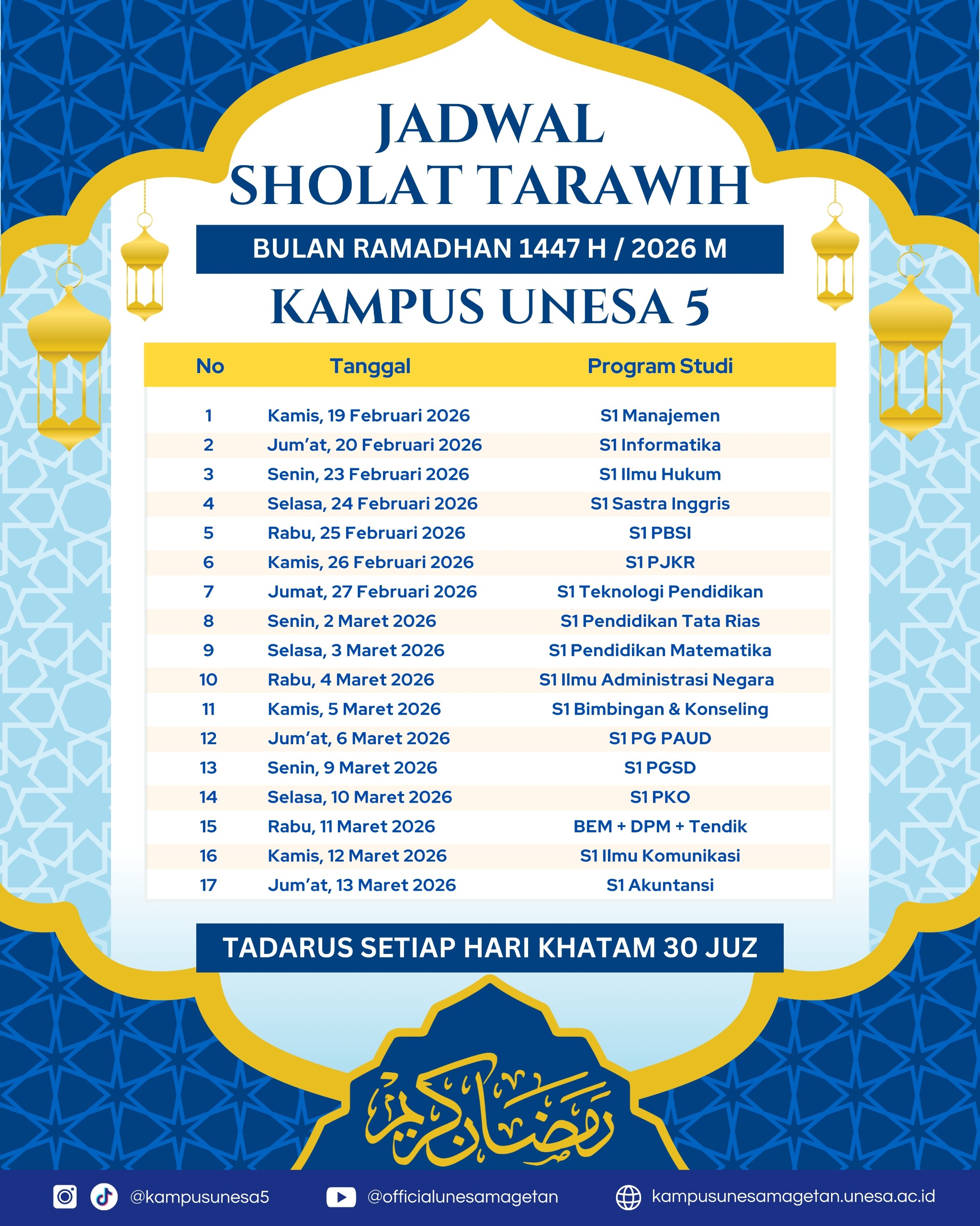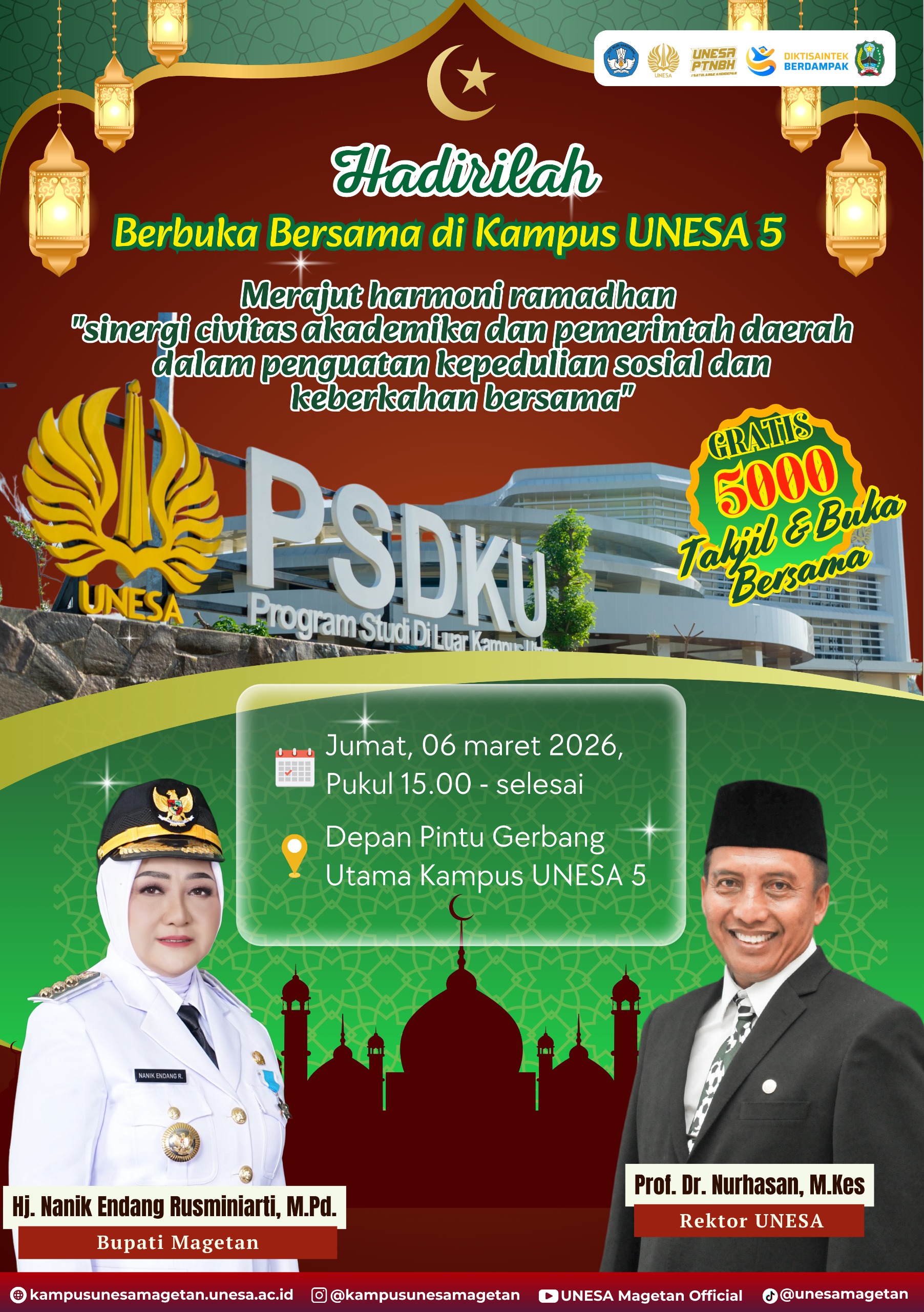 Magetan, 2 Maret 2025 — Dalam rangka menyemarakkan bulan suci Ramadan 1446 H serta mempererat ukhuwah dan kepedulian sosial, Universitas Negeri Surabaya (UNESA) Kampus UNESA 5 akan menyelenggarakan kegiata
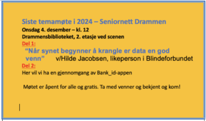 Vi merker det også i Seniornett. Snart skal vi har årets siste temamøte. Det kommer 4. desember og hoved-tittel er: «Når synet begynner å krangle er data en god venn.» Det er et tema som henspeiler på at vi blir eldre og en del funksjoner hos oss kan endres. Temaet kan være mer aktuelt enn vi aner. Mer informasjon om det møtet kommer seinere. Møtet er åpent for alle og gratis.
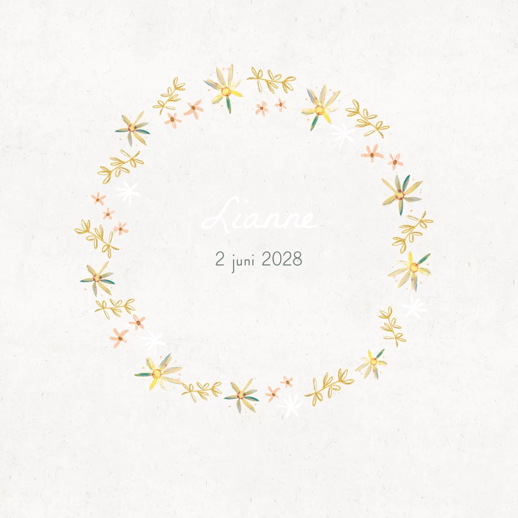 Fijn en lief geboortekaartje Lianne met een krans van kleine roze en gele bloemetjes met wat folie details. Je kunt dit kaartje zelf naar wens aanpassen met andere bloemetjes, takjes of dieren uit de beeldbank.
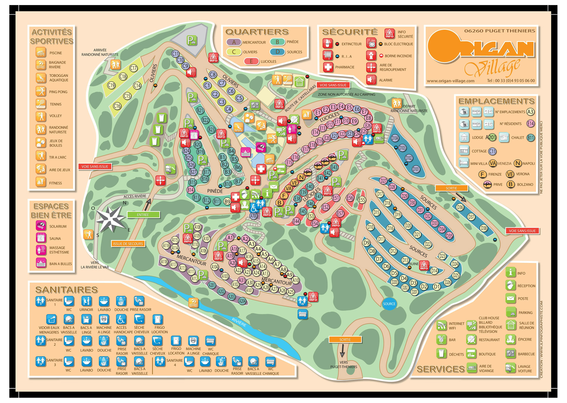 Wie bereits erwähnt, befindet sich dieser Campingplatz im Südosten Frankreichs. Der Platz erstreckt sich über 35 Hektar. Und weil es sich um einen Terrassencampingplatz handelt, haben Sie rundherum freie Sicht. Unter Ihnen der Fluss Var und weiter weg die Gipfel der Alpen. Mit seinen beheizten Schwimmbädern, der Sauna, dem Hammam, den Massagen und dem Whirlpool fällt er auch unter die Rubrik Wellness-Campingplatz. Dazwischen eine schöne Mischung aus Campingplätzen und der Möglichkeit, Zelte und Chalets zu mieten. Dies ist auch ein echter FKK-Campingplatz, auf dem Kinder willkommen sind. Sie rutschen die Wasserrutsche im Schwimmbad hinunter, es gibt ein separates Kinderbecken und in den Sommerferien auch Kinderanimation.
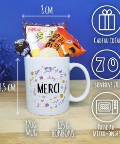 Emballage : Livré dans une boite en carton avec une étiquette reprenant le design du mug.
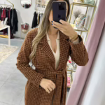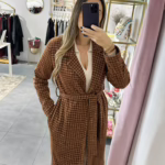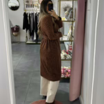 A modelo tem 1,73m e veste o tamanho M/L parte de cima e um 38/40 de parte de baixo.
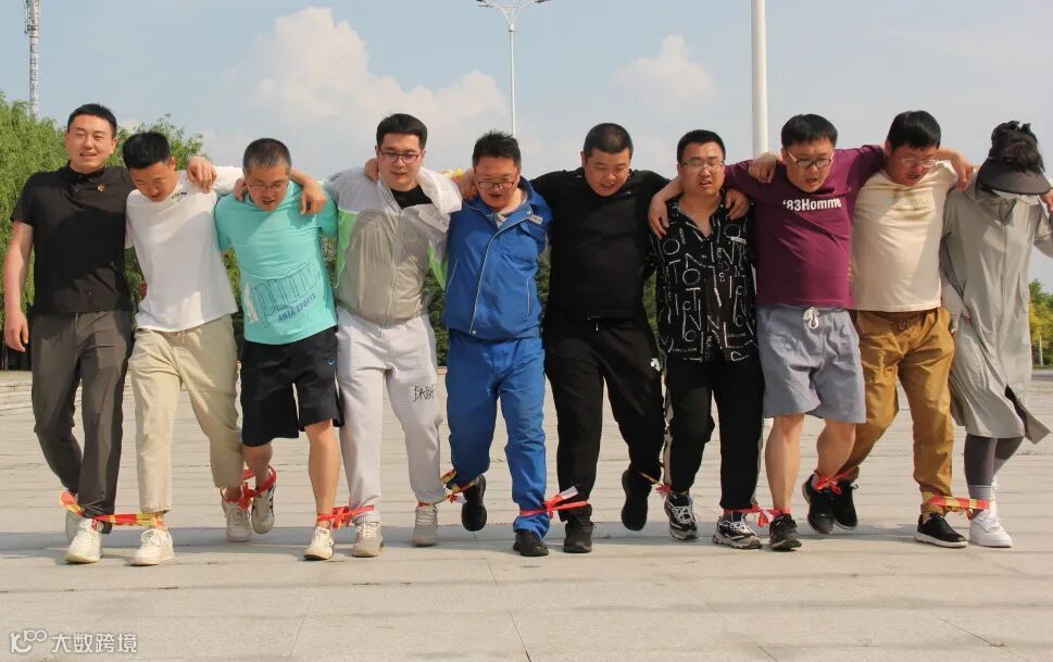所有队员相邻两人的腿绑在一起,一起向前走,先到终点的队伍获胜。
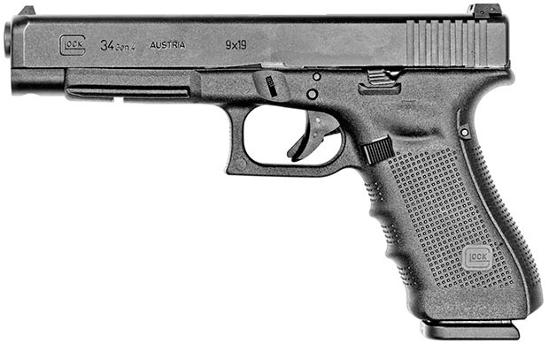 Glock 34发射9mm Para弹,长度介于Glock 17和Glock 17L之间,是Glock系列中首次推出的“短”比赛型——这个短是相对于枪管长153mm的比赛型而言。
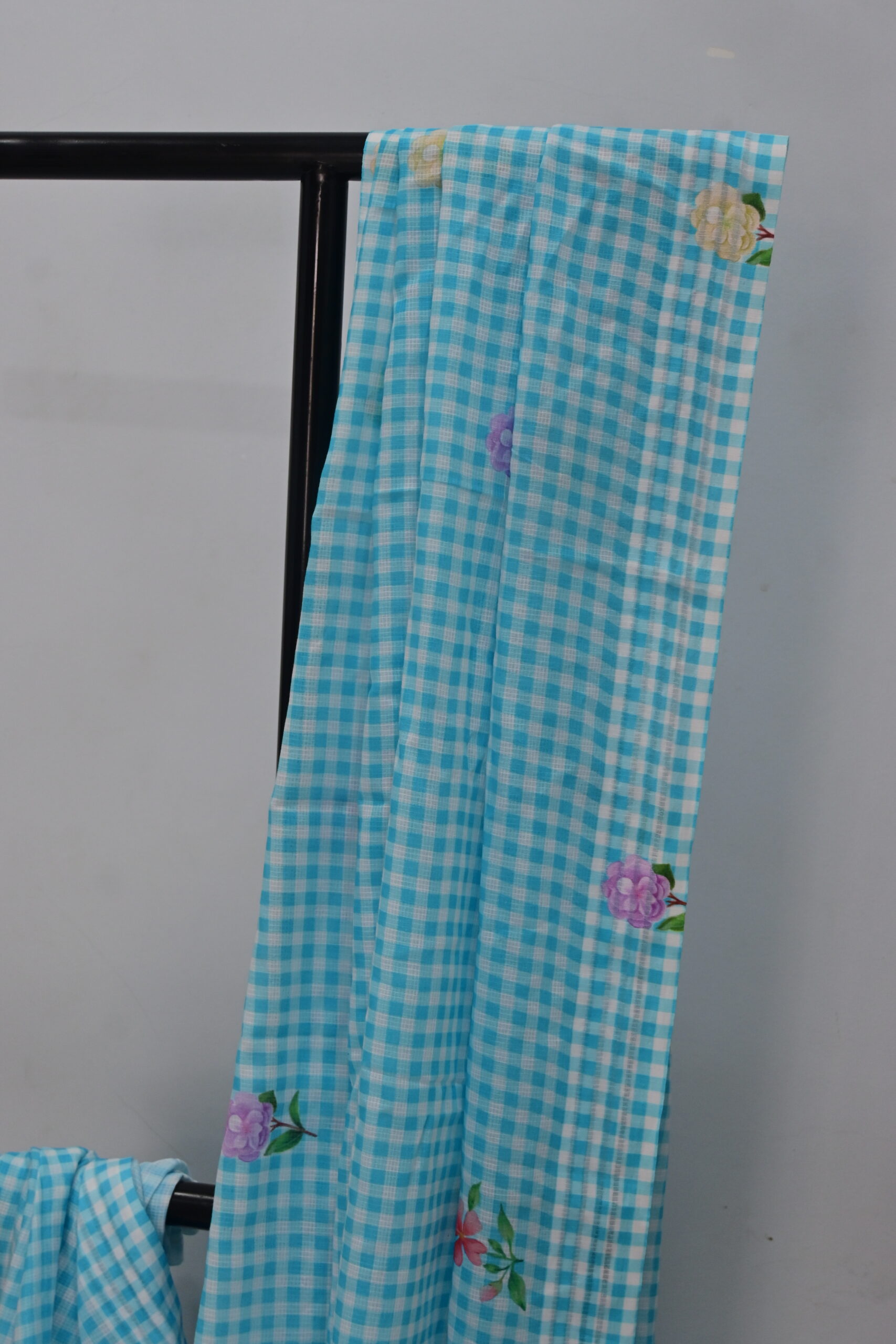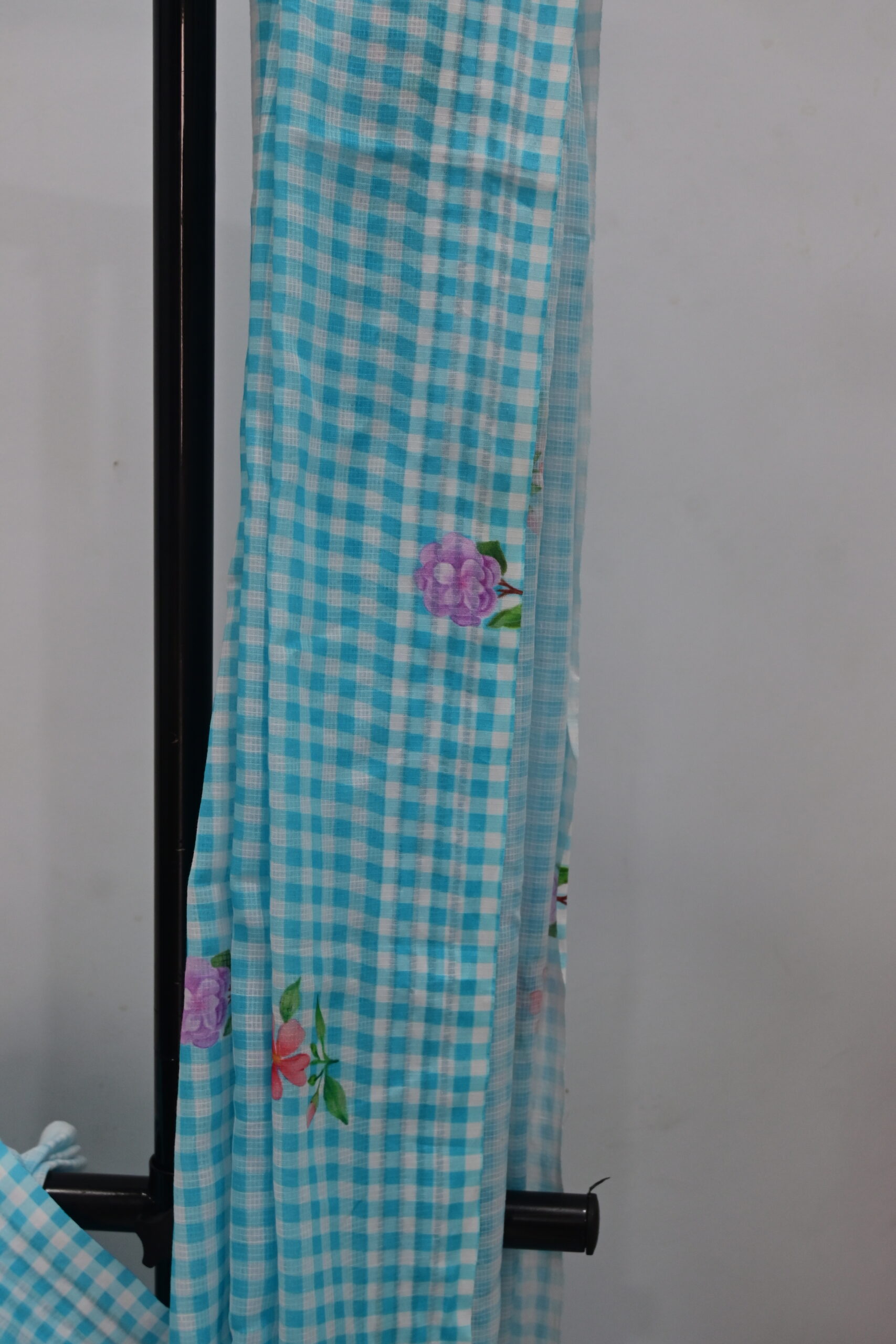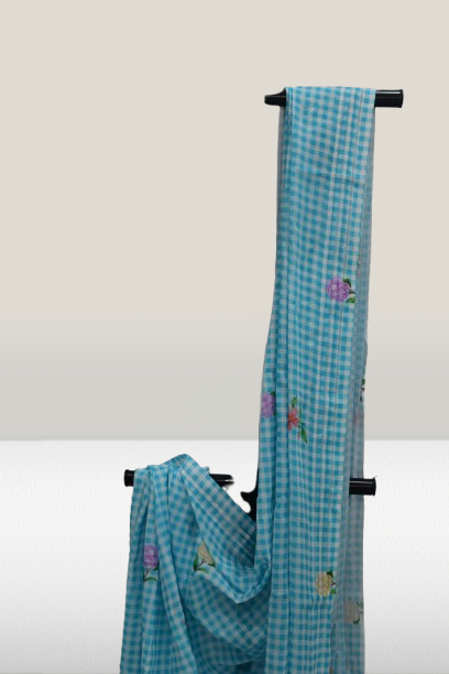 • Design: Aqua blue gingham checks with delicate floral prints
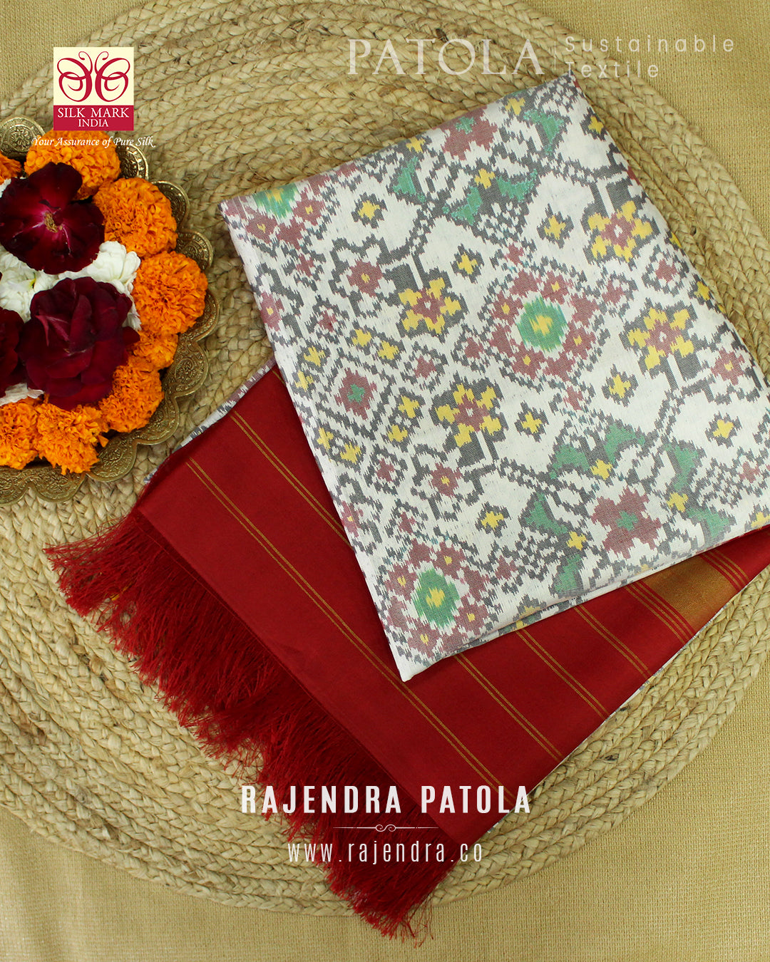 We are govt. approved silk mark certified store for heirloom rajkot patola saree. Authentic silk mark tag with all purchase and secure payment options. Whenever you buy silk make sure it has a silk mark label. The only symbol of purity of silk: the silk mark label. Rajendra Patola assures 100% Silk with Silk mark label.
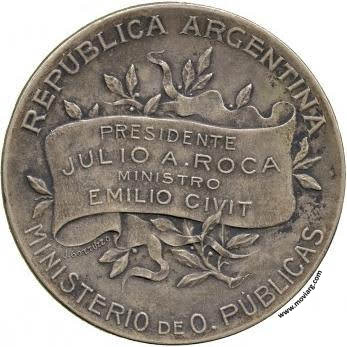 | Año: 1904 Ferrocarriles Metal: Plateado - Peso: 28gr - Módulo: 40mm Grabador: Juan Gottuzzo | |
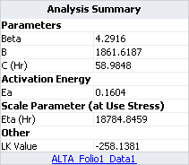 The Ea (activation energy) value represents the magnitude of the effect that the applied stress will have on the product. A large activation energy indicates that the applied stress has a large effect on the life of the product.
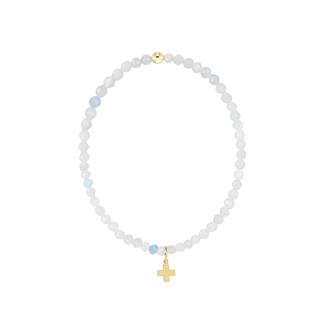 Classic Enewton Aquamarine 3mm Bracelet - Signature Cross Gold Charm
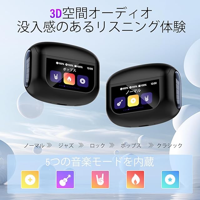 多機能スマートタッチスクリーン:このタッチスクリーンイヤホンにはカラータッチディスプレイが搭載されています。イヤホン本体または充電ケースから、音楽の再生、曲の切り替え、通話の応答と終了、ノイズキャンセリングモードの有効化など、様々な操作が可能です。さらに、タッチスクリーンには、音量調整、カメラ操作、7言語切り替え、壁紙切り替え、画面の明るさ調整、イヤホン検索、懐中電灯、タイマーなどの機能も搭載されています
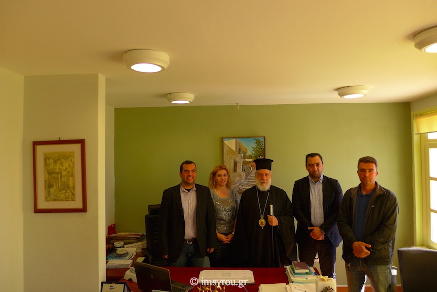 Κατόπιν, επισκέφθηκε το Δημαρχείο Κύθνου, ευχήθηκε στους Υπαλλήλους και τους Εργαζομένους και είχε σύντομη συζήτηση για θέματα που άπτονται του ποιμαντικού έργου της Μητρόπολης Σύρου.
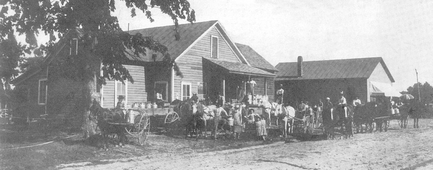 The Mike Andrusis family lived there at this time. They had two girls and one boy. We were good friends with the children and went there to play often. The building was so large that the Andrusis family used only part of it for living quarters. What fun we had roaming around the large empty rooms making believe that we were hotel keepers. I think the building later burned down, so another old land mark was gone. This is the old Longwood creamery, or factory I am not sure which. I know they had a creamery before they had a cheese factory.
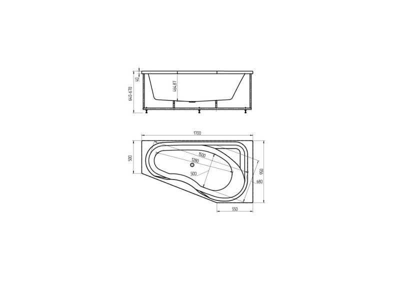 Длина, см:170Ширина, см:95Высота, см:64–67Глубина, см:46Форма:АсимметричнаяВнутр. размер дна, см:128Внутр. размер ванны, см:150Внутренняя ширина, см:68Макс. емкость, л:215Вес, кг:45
——————————
## REQUIRED ACTION
The expected output is the full material above, unaltered, with pictures removed.

## EXERCISE ANSWER
 Magetan, 2 Maret 2025 — Dalam rangka menyemarakkan bulan suci Ramadan 1446 H serta mempererat ukhuwah dan kepedulian sosial, Universitas Negeri Surabaya (UNESA) Kampus UNESA 5 akan menyelenggarakan kegiata
 Vi merker det også i Seniornett. Snart skal vi har årets siste temamøte. Det kommer 4. desember og hoved-tittel er: «Når synet begynner å krangle er data en god venn.» Det er et tema som henspeiler på at vi blir eldre og en del funksjoner hos oss kan endres. Temaet kan være mer aktuelt enn vi aner. Mer informasjon om det møtet kommer seinere. Møtet er åpent for alle og gratis.
 Fijn en lief geboortekaartje Lianne met een krans van kleine roze en gele bloemetjes met wat folie details. Je kunt dit kaartje zelf naar wens aanpassen met andere bloemetjes, takjes of dieren uit de beeldbank.
 Wie bereits erwähnt, befindet sich dieser Campingplatz im Südosten Frankreichs. Der Platz erstreckt sich über 35 Hektar. Und weil es sich um einen Terrassencampingplatz handelt, haben Sie rundherum freie Sicht. Unter Ihnen der Fluss Var und weiter weg die Gipfel der Alpen. Mit seinen beheizten Schwimmbädern, der Sauna, dem Hammam, den Massagen und dem Whirlpool fällt er auch unter die Rubrik Wellness-Campingplatz. Dazwischen eine schöne Mischung aus Campingplätzen und der Möglichkeit, Zelte und Chalets zu mieten. Dies ist auch ein echter FKK-Campingplatz, auf dem Kinder willkommen sind. Sie rutschen die Wasserrutsche im Schwimmbad hinunter, es gibt ein separates Kinderbecken und in den Sommerferien auch Kinderanimation.
 Emballage : Livré dans une boite en carton avec une étiquette reprenant le design du mug.
 A modelo tem 1,73m e veste o tamanho M/L parte de cima e um 38/40 de parte de baixo.
所有队员相邻两人的腿绑在一起,一起向前走,先到终点的队伍获胜。
 Glock 34发射9mm Para弹,长度介于Glock 17和Glock 17L之间,是Glock系列中首次推出的“短”比赛型——这个短是相对于枪管长153mm的比赛型而言。
 • Design: Aqua blue gingham checks with delicate floral prints
 We are govt. approved silk mark certified store for heirloom rajkot patola saree. Authentic silk mark tag with all purchase and secure payment options. Whenever you buy silk make sure it has a silk mark label. The only symbol of purity of silk: the silk mark label. Rajendra Patola assures 100% Silk with Silk mark label.
 | Año: 1904 Ferrocarriles Metal: Plateado - Peso: 28gr - Módulo: 40mm Grabador: Juan Gottuzzo | |
 The Ea (activation energy) value represents the magnitude of the effect that the applied stress will have on the product. A large activation energy indicates that the applied stress has a large effect on the life of the product.
 Classic Enewton Aquamarine 3mm Bracelet - Signature Cross Gold Charm
 多機能スマートタッチスクリーン:このタッチスクリーンイヤホンにはカラータッチディスプレイが搭載されています。イヤホン本体または充電ケースから、音楽の再生、曲の切り替え、通話の応答と終了、ノイズキャンセリングモードの有効化など、様々な操作が可能です。さらに、タッチスクリーンには、音量調整、カメラ操作、7言語切り替え、壁紙切り替え、画面の明るさ調整、イヤホン検索、懐中電灯、タイマーなどの機能も搭載されています
 Κατόπιν, επισκέφθηκε το Δημαρχείο Κύθνου, ευχήθηκε στους Υπαλλήλους και τους Εργαζομένους και είχε σύντομη συζήτηση για θέματα που άπτονται του ποιμαντικού έργου της Μητρόπολης Σύρου.
 The Mike Andrusis family lived there at this time. They had two girls and one boy. We were good friends with the children and went there to play often. The building was so large that the Andrusis family used only part of it for living quarters. What fun we had roaming around the large empty rooms making believe that we were hotel keepers. I think the building later burned down, so another old land mark was gone. This is the old Longwood creamery, or factory I am not sure which. I know they had a creamery before they had a cheese factory.
 Длина, см:170Ширина, см:95Высота, см:64–67Глубина, см:46Форма:АсимметричнаяВнутр. размер дна, см:128Внутр. размер ванны, см:150Внутренняя ширина, см:68Макс. емкость, л:215Вес, кг:45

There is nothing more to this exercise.